Incremental Sync in ownCloud
Incremental Sync is probably the feature that most people ask, or even sometimes cry for. Recently there was another wave of discussion about ownCloud is doing incremental sync or not.
I will try again (as in this issue) to explain why we decided to slowing that feature. Slowing means that it will be done later, not never, as it was stated. It is just that we think that other things benefit the whole idea of ownCloud more. That has plain technical reasons. Let’s dive a bit into.
RSync is great
Nobody will object here. In a nutshell, this is how rsync works: There is a file on the client and on the server. The idea is to not transfer the entire file from one side to the other if either side changes, but only the parts that have changed.
The original rsync does that by chopping the file to blocks of a given size and calculating a checksum of each of the blocks. The list of checksums is sent to the server and – here’s the trick – the server looks at its version of the file and for each of the checksum in the list, it seeks if it finds the same block in the file. That will often not be at the same position in the file, but maybe somewhere else. That is done for each block, and finally the server will work out the information of which parts of the file are existing and which are not and have to be sent by the client.
By way of this clever algorithm, we will just have to transmit a very small fraction of the changed file, because most content did not change. And that is what we want! Yeah!
Mission accomplished? No, not really. While there is basically nothing wrong with the idea in general, there is a severe architectural downside. The rsync algorithm depends on a strong server component which, for each file, searches around and calculates checksums. In an environment where we potentially have a lot of clients connecting to one server that would create a huge load on it which we need to avoid. So what if instead of putting the burden on the server’s shoulder, we could make the clients take the responsibility?
And guess what, there has been somebody thinking about that before and he says:
Use ZSync for this!
ZSync basically turns the idea of rsync upside down and shifts the calculation of checksums away from the server and onto the clients. That means that with zsync, the server can keep a static list of checksums for every block specific to a version of a file. The list can for example be computed along the upload of the file to the server. From that point it does not change, as long as the file does not change. That means less computation work for the server, and maybe this job can also put into the client.
So far that sounds cool (even though some questions remain) and sounds like something that can help us.
Unfortunately, the approach does not work very well for compressed files. The reason is that if a file gets compressed, even if only a couple of bytes in the original file change, the compression algorithm usually changes a lot all over the entire file. As a result, the zsync algorithm can only compute a comparably large diff. Given the cost of computation that can turn inefficient quickly.
“But who uses compressed files?” you might argue. The problem is that almost each and every of the files in everyday life are stored compressed. This is for example true for Microsoft Office files and the Open Document files produced by LibreOffice and Apache OpenOffice. They are really renamed ZIP containers, that hold the documents with all its embedded files, etc.

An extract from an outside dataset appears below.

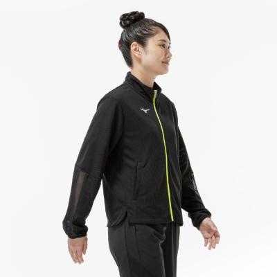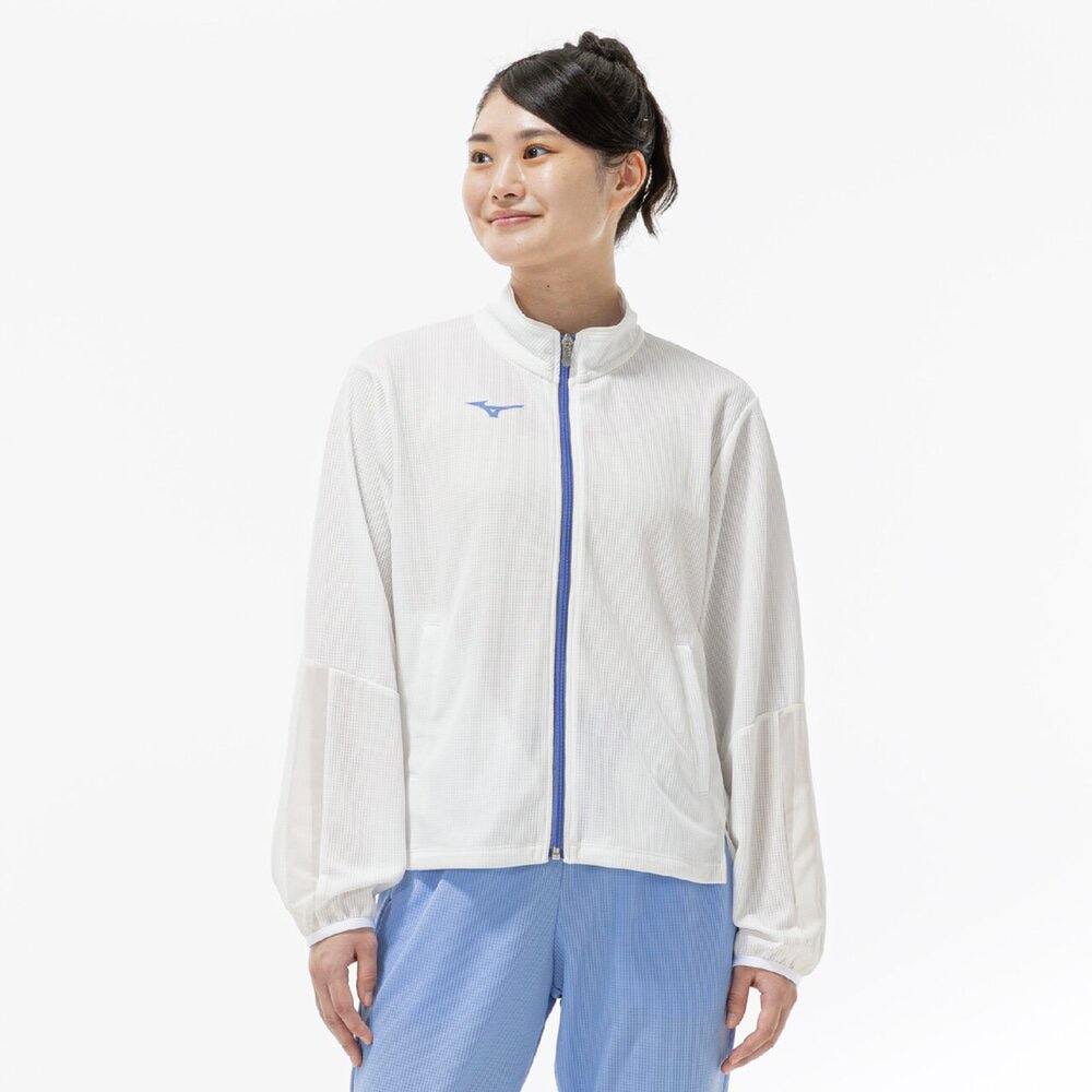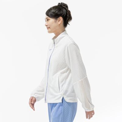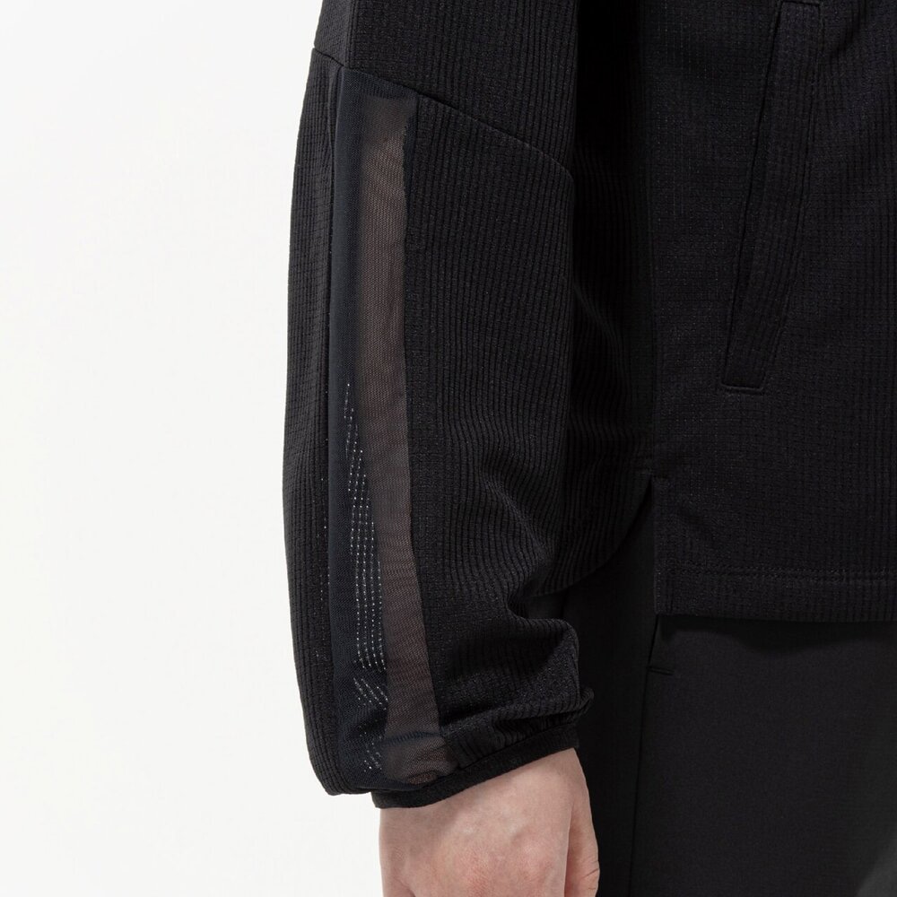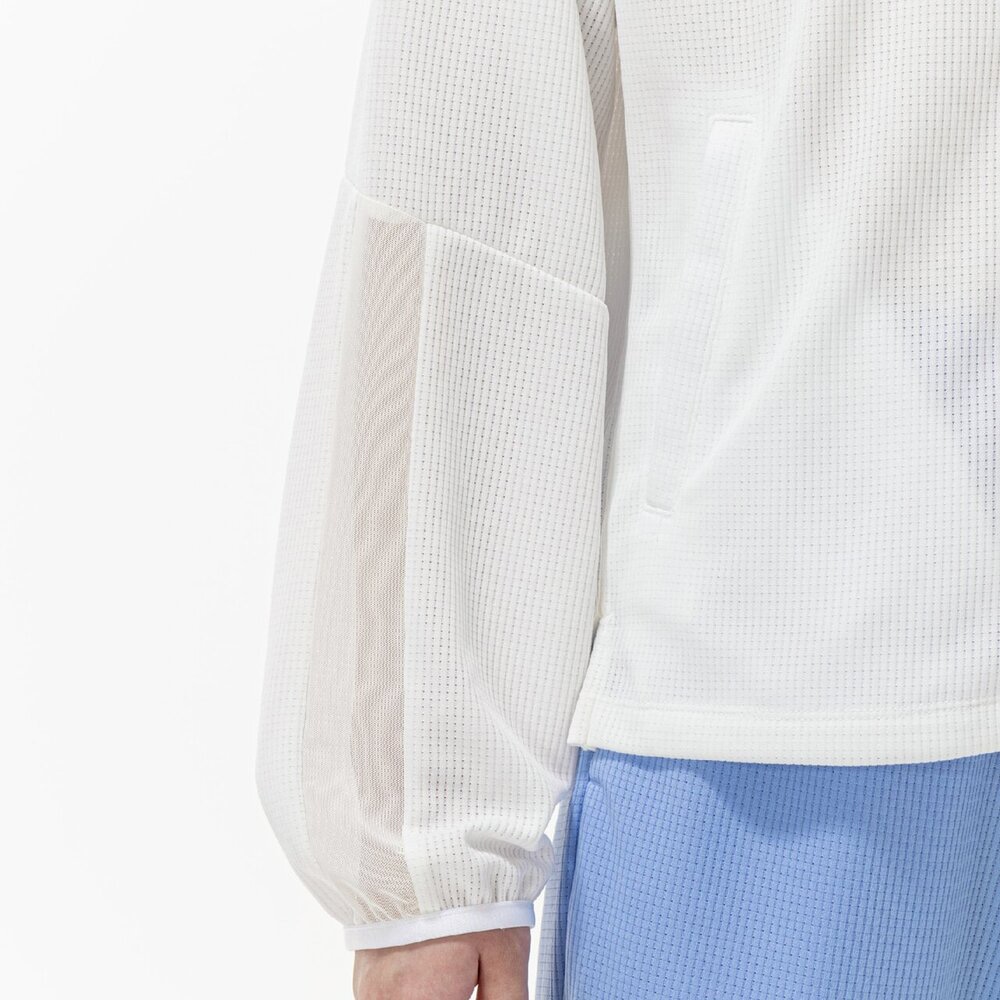 ■衿元、袖と後身頃に部分的にシアー素材を使用しスポーティなジャケットに女性らしさをプラスした1着。

Now of course you will reply that zsync has an improved algorithm for compressed files. Yes, true, that is a great thing. However, it involves that the compressed file gets uncompressed to be worked on by zsync. Afterwards it is compressed again. And that is the problem: As common compressors do not leave a hint behind _how_ the file was compressed, it is not possible to reliably recreate a file that is equivalent to the original one. How will apps react on a file that has changed its compression scheme?
As said above, yes, we will at one point of time implement something along the zsync algorithm. The explanations above should show however, that at the current state of ownCloud, other features will improve ownClouds performance, stability and convenience more. And that is the important thing for us, more than pleasing the loudest barking dogs.
Here is a rough outline of how I would move on on this, open for your suggestions and critique:
The zsync algorithm is designed to improve downloads. We need it for both up- and downloads, and it needs to be thought through if that is also possible. For the server side functionality, there are a couple of open questions which carefully have to be investigated. Preferably an app can be written that provides the handling of the zsync checksum lists. That has to be clarified and discussed, and that will take a while.
But as outlined above, this idea is only clever for a limited amount of file types. So what I would suggest first is that we get an idea of the file types users usually store in their ownCloud, so that we can do a validated estimate on how this feature helps. I will follow up on this first step.
Thanks for reading this long blog post. Thanks Danimo for lectorate.